As participants aged one year (Fig. SI-3), we observed significantly lower odds of thinking about remaining time (aOR = 0.95, 95% CI [0.93, 0.98], p-bon = 0.017), music (aOR = 0.96, 95% CI [0.93,0.98], p-bon = 0.020) and vivid voices (aOR = 0.95, 95% CI [0.93, 0.98], p-bon = 0.047) at either threshold category. Aging did not significantly predict the occurrence of any RSTPs.

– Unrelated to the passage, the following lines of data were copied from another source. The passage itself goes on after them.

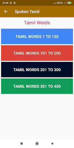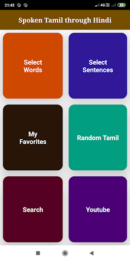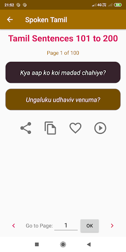 Learn Tamil language through Hindi. This app currently has 400 Tamil Words & 200 Tamil sentences with clean Audio.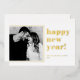 Happy New Year! Send holiday wishes to your loved ones with this customizable modern New Year flat card. It features bold typography. This gold foil New Year photo flat card is available in other colours and cardstock.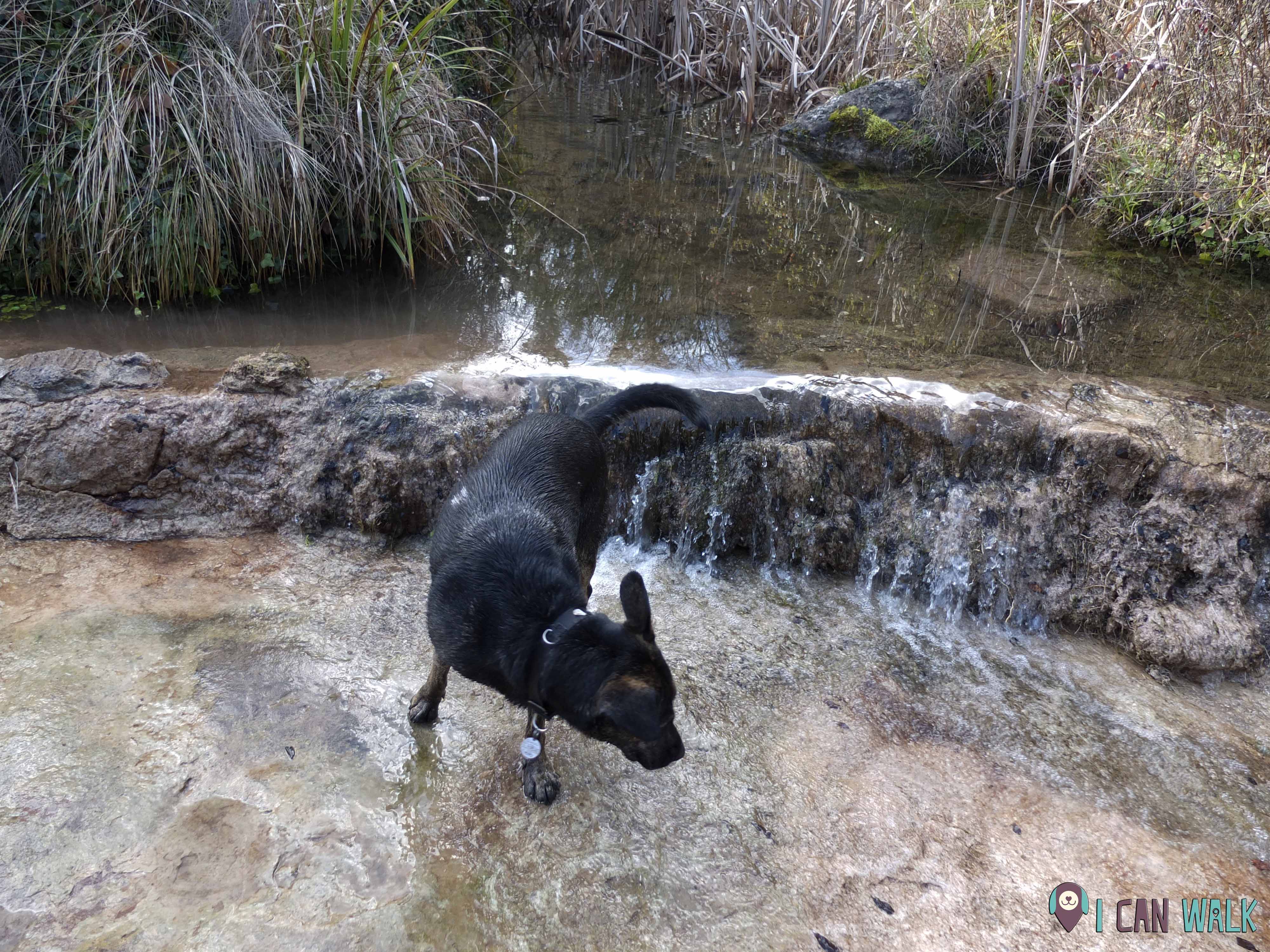 Si sigues avanzando, muy cerca del Forn de Calç, verás el Salto de Agua Blanquera, donde suele haber algo de agua para que los perros se remojen.
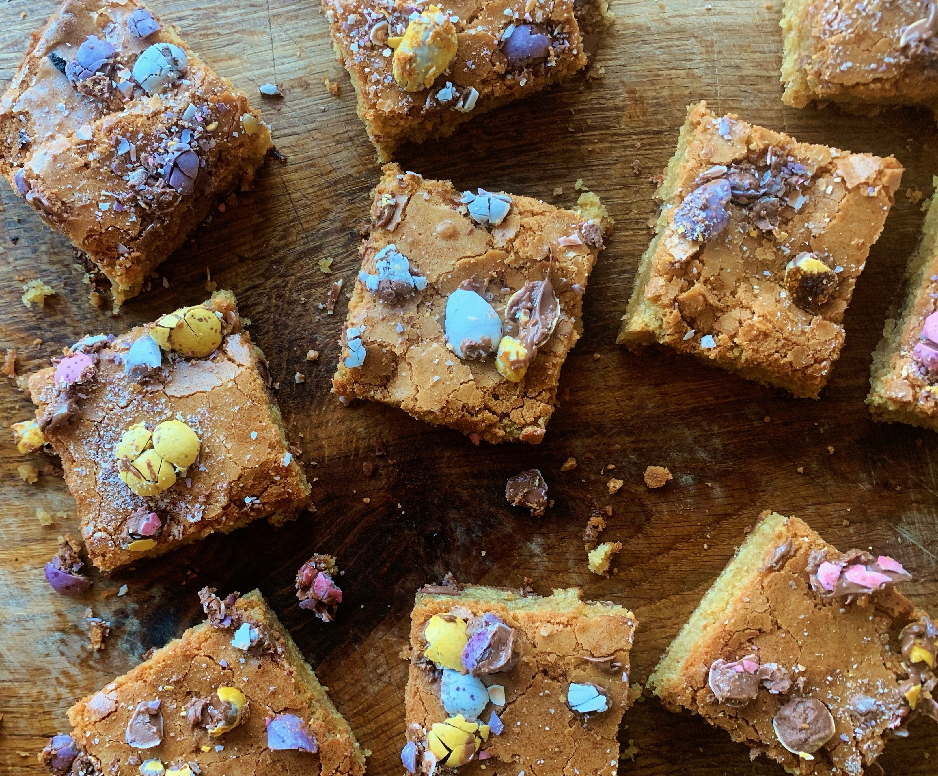Scatter the mini eggs over the cooling blondie, along with one more tiny pinch of sea salt, and gently press it all into the cake a little with the back of a spoon.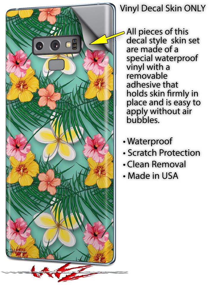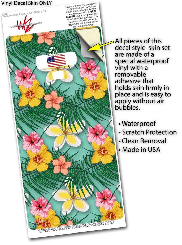 Decal style Skin Wrap compatible with Samsung Galaxy Note 9 Beach Flowers 02 Seafoam Green
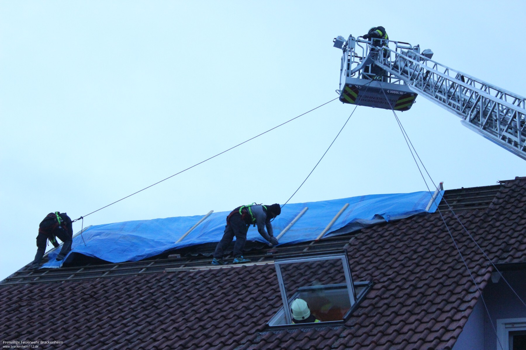 Das Dach wurde nach den Löscharbeiten von einem Fachbetrieb notdürftig verschlossen. Zur Sicherung der Arbeiter kamen die Gerätesätze Absturzsicherung zum Einsatz. Zur Ablösung des Regelrettungsdienstes während des Atemschutzeinsatzes kamen vier Kräfte des DRK OV Brackenheim zur Einsatzstelle. Einsatzende war gegen 19 Uhr.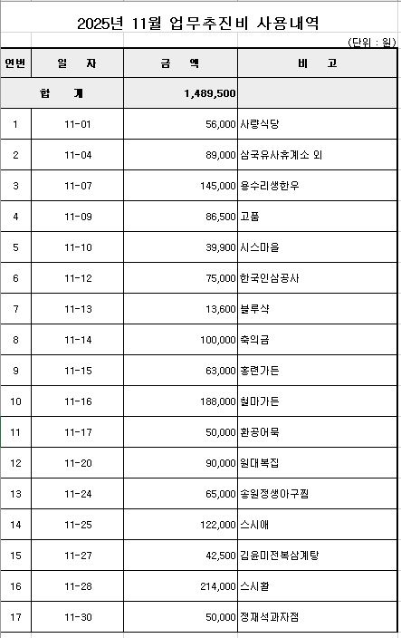 2025년 11월 업무추진비 공개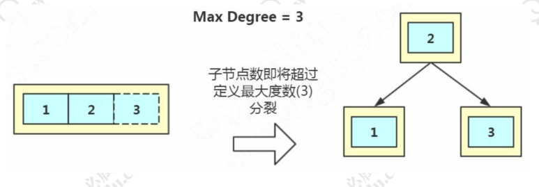 第二个,节点上的关键字的数量越多,我们的指针数也越多,也就是意味着可以有更多的分叉(我们把它叫做“路数”)。因为分叉数越多,树的深度就会减少(根节点是 0)。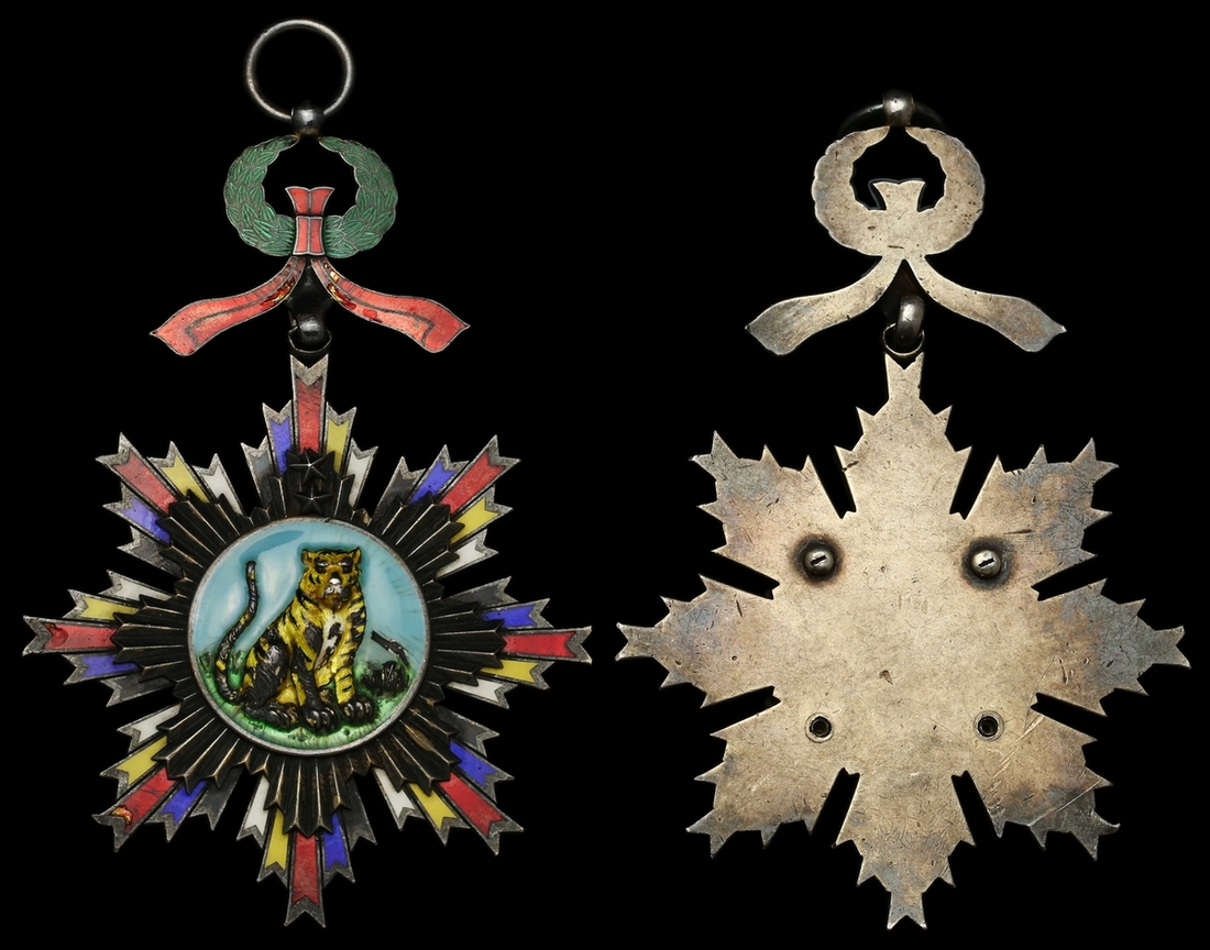 (x) China, Republic, Order of the Striped Tiger, 2nd Class sash Badge (2 stars on top), 108mm including wreath suspension x 74mm, silver-gilt and enamel, some enamel chipping, two nuts missing from reverse, very fine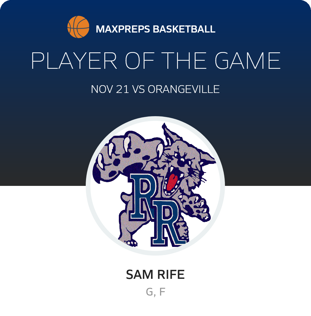 Congratulations to #0 Sam Rife for being selected the River Ridge JV Basketball Player of the Game.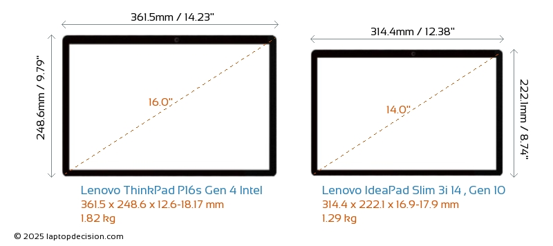 HDMIAmbos ThinkPad P16s Gen 4 Intel y IdeaPad Slim 3i 14 , Gen 10 cuentan con un puerto HDMI. ThinkPad P16s Gen 4 Intel ofrece 1x HDMI 2.1, mientras que IdeaPad Slim 3i 14 , Gen 10 ofrece 1x HDMI 1.4.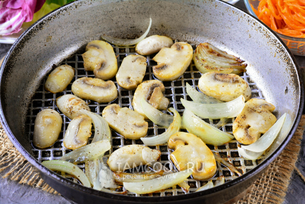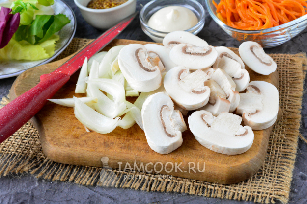 Почистите шампиньоны и репчатый лук. Грибы нарежьте пластинками, а лук - полукольцами.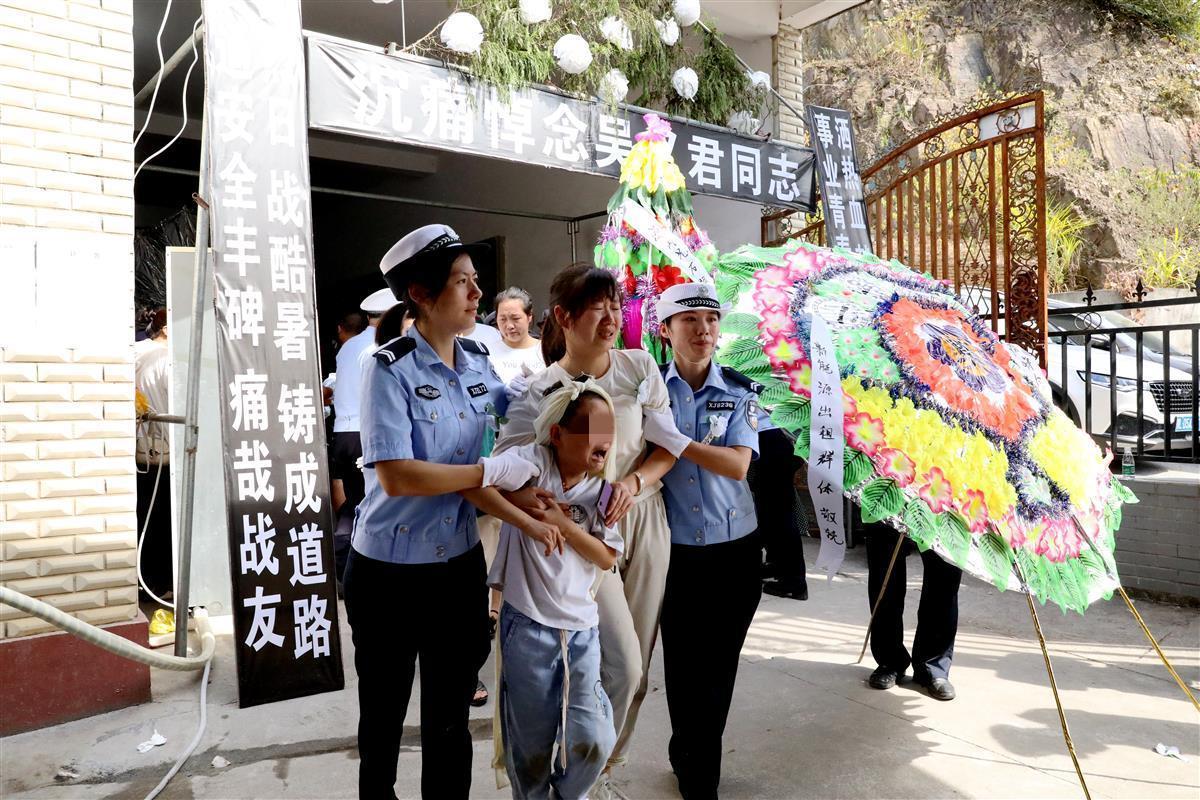 8月15日一早,该县公安机关为因公牺牲的36岁交管辅警吴义君,隆重举行遗体告别仪式。在通山县殡仪馆内,吴义君家属泣不成声。1000余名公安民辅警和社会各界群众代表参加悼念活动,众多市民自发组织送他们心目中的“老朋友”最后一程,大家泪湿眼眶,不舍离别。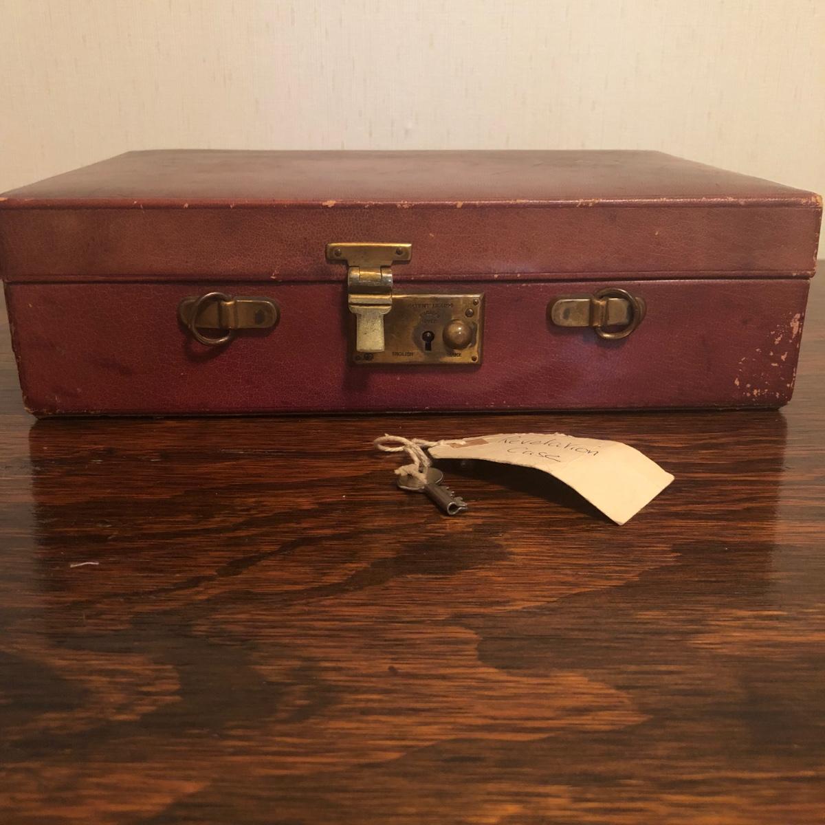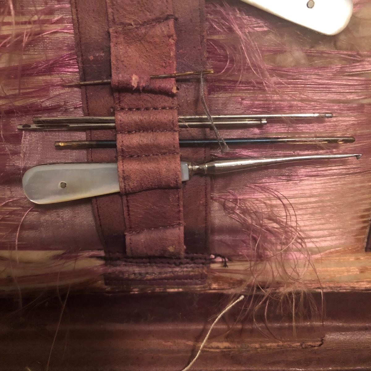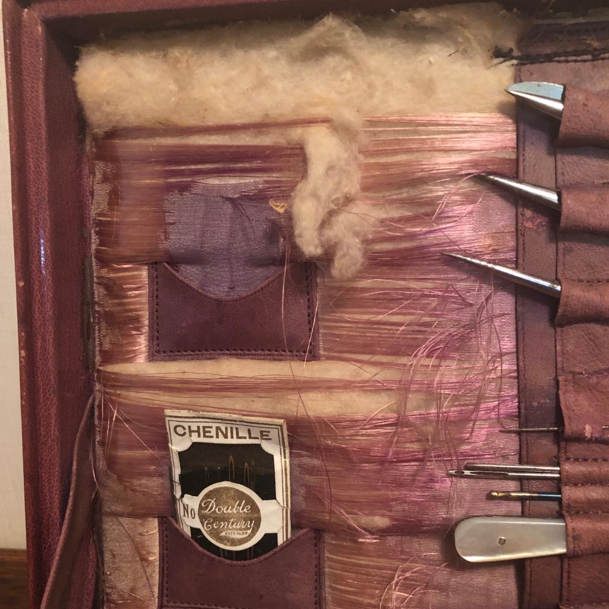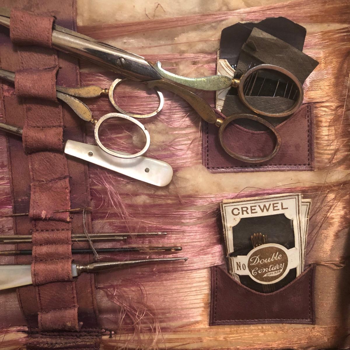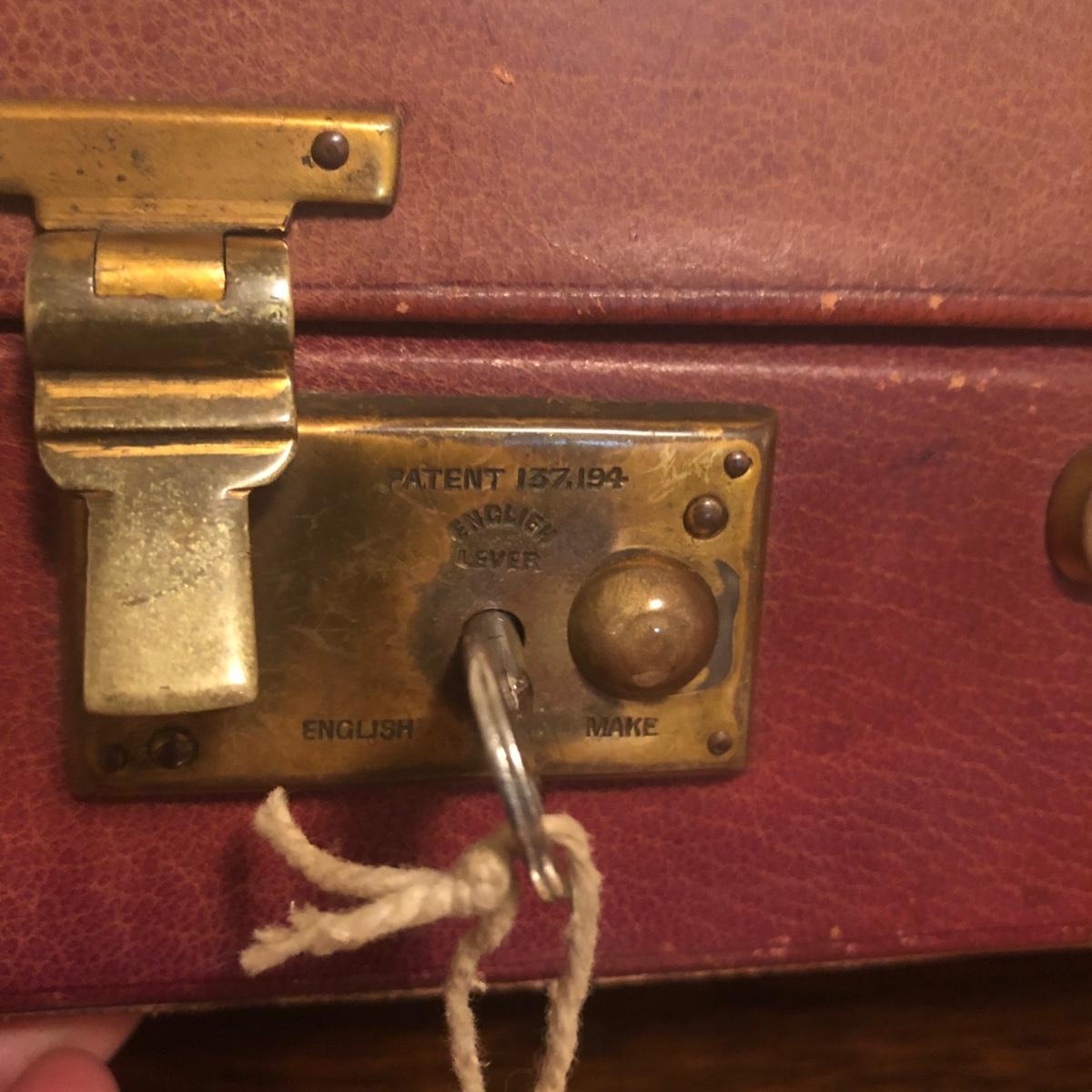 This red brown leather case opens with a skeleton key and contains antique scissors, needles, handmade pincushion, bees wax, Pringle cashmere thread, mending cotton, mending silk, and more. The lock on the box is marked Pat 137, 134 English Lever English Make.

Women were at significantly lower odds than men of having imaginative (aOR = 0.70, 95% CI [0.62, 0.78], p-bon < 0.001) or leisure (aOR = 0.67, 95% CI [0.60, 0.76], p-bon < 0.001) thoughts at either threshold category. Conversely, women were at significantly higher odds than men of experiencing negative thoughts (aOR = 1.50, 95% CI [1.26, 1.79], p-bon < 0.001) and thinking about thermal sensations (aOR = 1.67, 95% CI [1.42, 1.93], p-bon < 0.001), about the future (aOR = 1.61, 95% CI [1.40,1.84], p-bon < 0.001), and about the instructions (aOR = 1.41, 95% CI [1.23, 1.63], p-bon < 0.001) at either threshold category (Fig. SI-3). Consistently, being a woman significantly increased the likelihood of expressing RSTP-4 (aOR = 1.69, 95% CI [1.24, 2.30], p-bon < 0.001), which was characterized by negative thoughts and higher rates of thinking about thermal sensations, the future, and the instructions (Fig. 2).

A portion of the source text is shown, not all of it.